Ça a fonctionné—jusqu’à ce que ça ne fonctionne plus. Un nouveau projet a démarré sur le VLAN 240, et l’équipe VM a correctement tagué la NIC dans Proxmox. Mais bridge-vids sur vmbr0 n’autorisait que 2–239. Le Linux bridge a filtré le VLAN avant même qu’il n’atteigne le switch. Du point de vue du switch, rien ne se passait. Du point de vue de Proxmox, rien n’était « cassé ». Du point de vue de la VM, l’univers était silencieux.

Le ticket a rebondi entre équipes car chacun vérifiait sa couche : la configuration VM avait tag=240, le trunk switch autorisait VLAN 240, le firewall avait des règles, DHCP était prêt. La pièce manquante était que le bridge de l’hôte avait été « optimisé » pour exclure des VLANs futurs.

Ils ont conservé le filtrage VLAN (bien), mais changé la politique : autoriser une large plage VLAN sur les uplinks des nœuds, et contrôler l’accès VLAN des VM via les permissions et la revue Proxmox. La sécurité par liste d’autorisation obsolète n’est pas de la sécurité. C’est une bombe à retardement.

Mini-récit 3 : La pratique ennuyeuse qui a sauvé la situation

Une équipe de services financiers gérait Proxmox avec un contrôle de changement strict. Chaque nœud avait une configuration réseau standard : bond0 (active-backup), vmbr0 pour management, vmbr1 trunk VLAN-aware pour les guests, et une petite « VM de validation réseau » présente sur chaque nœud. Cette VM pouvait lancer des requêtes DHCP, pinguer des gateways, et émettre des trames taguées à la demande.

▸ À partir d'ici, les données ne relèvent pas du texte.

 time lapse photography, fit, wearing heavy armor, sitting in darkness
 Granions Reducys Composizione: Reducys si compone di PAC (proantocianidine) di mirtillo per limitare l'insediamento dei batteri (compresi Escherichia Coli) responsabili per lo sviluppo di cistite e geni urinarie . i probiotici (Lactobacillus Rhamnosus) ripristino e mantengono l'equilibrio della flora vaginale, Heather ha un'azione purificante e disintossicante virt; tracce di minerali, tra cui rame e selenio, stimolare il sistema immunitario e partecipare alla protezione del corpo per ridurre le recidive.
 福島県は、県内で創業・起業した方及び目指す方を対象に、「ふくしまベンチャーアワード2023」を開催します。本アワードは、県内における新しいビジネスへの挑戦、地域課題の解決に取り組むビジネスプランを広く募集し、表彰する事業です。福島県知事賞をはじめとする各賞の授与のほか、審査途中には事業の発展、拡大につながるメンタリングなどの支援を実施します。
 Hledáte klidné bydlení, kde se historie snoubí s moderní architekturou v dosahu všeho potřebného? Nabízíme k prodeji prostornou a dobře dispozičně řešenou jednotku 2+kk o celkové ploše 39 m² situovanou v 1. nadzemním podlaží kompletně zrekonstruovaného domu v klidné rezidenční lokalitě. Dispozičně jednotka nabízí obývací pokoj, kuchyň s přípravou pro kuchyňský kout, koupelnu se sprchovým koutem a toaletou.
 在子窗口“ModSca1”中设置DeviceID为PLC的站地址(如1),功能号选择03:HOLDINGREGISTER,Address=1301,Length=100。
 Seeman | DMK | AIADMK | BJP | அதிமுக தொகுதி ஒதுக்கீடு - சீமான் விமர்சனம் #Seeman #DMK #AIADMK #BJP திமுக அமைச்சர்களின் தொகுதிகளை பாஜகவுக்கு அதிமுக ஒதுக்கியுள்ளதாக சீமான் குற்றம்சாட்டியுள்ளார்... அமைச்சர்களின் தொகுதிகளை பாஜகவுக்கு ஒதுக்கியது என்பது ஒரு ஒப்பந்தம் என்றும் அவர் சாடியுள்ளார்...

Un matin, tout un rack a perdu la connectivité pour le VLAN 310 seulement. Pas le management, pas d’autres VLANs. Les logs du switch étaient bruyants mais non conclusifs. On a commencé à suspecter un changement d’ACL au cœur.

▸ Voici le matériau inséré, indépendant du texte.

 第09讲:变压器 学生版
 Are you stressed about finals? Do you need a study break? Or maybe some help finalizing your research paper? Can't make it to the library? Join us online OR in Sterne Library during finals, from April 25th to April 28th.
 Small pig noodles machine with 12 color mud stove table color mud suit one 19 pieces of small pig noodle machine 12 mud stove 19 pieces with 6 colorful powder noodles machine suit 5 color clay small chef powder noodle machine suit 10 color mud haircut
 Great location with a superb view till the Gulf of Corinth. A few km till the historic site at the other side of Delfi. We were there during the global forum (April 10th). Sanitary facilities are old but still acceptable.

Le SRE de garde a utilisé la VM de validation sur deux nœuds : un dans le rack affecté, un dans un rack sain. Même tag VLAN, même test DHCP, même cible de ping. Les captures sur les uplinks physiques ont montré que le rack affecté ne recevait jamais de réponses — pas d’Offer DHCP, pas de réponse ARP — tandis que le rack sain oui.

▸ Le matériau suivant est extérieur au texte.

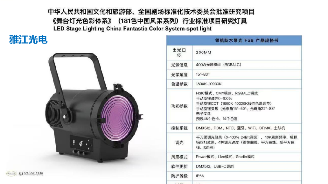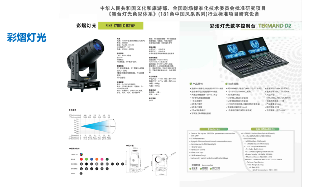 研讨会环节中,参编企业代表响应《舞台灯光色彩体系》标准研究并带来了为中国风采系列研发制造的样灯试验产品,以满足数字舞台影视灯具及调光控制设备与行业标准实现的需要,并对演示灯具设备进行了性能特点的介绍及相关参数的技术说明。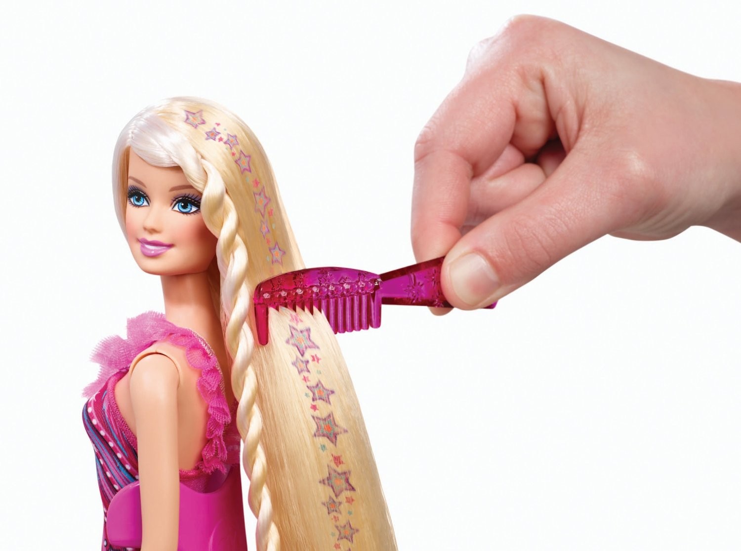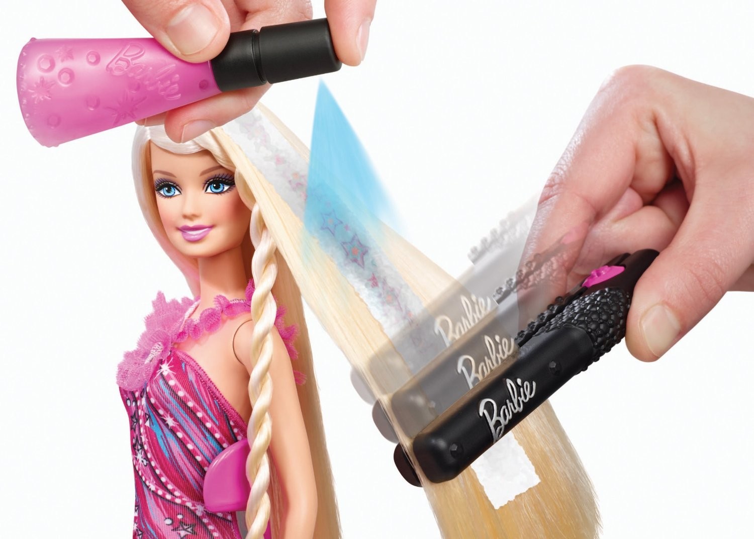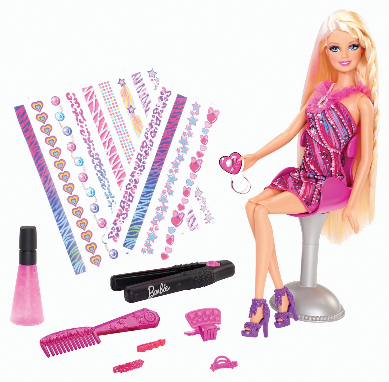 Mattel. Inc. Барби с набором для создания причесокВ данный момент этот товар отсутствует в продаже. Возможно, у нас найдется аналогичный или похожий товар здесь. Теперь кукла Барби может хоть каждый день менять прически! Все просто - посадите свою куколку Барби в игрушечное парикмахерское кресло, смочите ее волосы с помощью специального балончика из набора, приложите принт с узором к волосам и проведите утюжком. И вот, как по волшебству, кукла BARBIE стала еще прекрасней! Особенность игрового набора в том, что узоры легко смываются шампунем и вы можете придумывать и делать множество раз новые, уникальные прически для куклы. |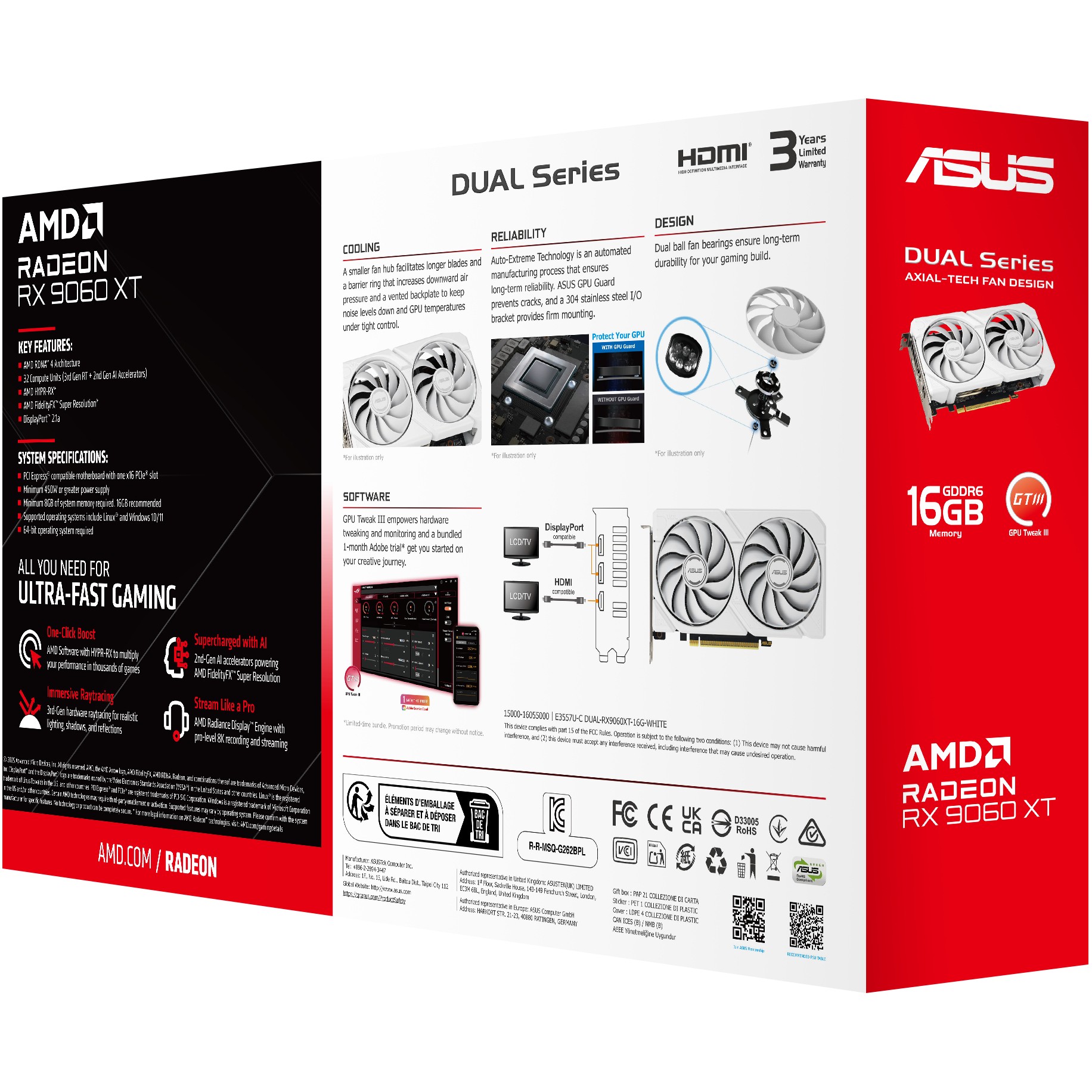 Die ASUS Dual Radeon™ RX 9060 XT White Edition kombiniert starke thermische Leistung mit breiter Kompatibilität. Fortschrittliche Kühllösungen von Flagship-Grafikkarten - darunter zwei Axial-Tech-Lüfter zur Optimierung des Luftstroms zum Kühlkörper. Der kompakte 2,5-Slot-Formfaktor bietet mehr Leistung auf weniger Raum. Diese Verbesserungen machen die ASUS Dual zur perfekten Wahl für Gamer, die eine starke Grafikleistung in einem kompakten Gehäuse suchen.

Cette preuve a réduit le rayon d’action à « quelque part entre le ToR et l’amont » en quelques minutes. L’équipe switch a trouvé un membre de port-channel avec une config obsolète qui n’autorisait pas le VLAN 310. Comme le bond était en active-backup, basculer vers le lien actif correct a déplacé le trafic vers le membre correctement configuré et restauré le service rapidement.

La pratique ennuyeuse était : configurations standardisées, une petite VM de validation, et l’habitude de capturer les paquets en bordure. Ce n’était pas glamour. C’était efficace, et c’est mieux.

Erreurs courantes : symptôme → cause racine → correction

1) Pas de DHCP sur une VM taguée VLAN, mais le lien est up

Symptôme : La NIC VM est « connectée », mais le DHCP expire. Les pings échouent.

Cause racine : Le port switch est en access VLAN (ou le trunk manque le VLAN) alors que Proxmox tague les VLANs, donc les trames taguées sont rejetées.

Correction : Configurez le port switch en trunk et autorisez le VLAN. Confirmez avec tcpdump -eni eno1 vlan que les réponses arrivent.

2) La VM parle sur le mauvais réseau (connectivité surprise)

Symptôme : Une VM destinée au VLAN 200 obtient une IP du VLAN 1 ou du VLAN management.

Cause racine : Mismatch de VLAN natif / PVID : le trafic non tagué est mappé vers un VLAN inattendu quelque part (hôte ou switch).

Correction : Décidez ce que signifie non tagué. Préférez « pas de non tagué » sur les trunks en production. Assurez-vous que l’uplink vmbr n’utilise pas VLAN 1 comme PVID sauf si c’est intentionnel.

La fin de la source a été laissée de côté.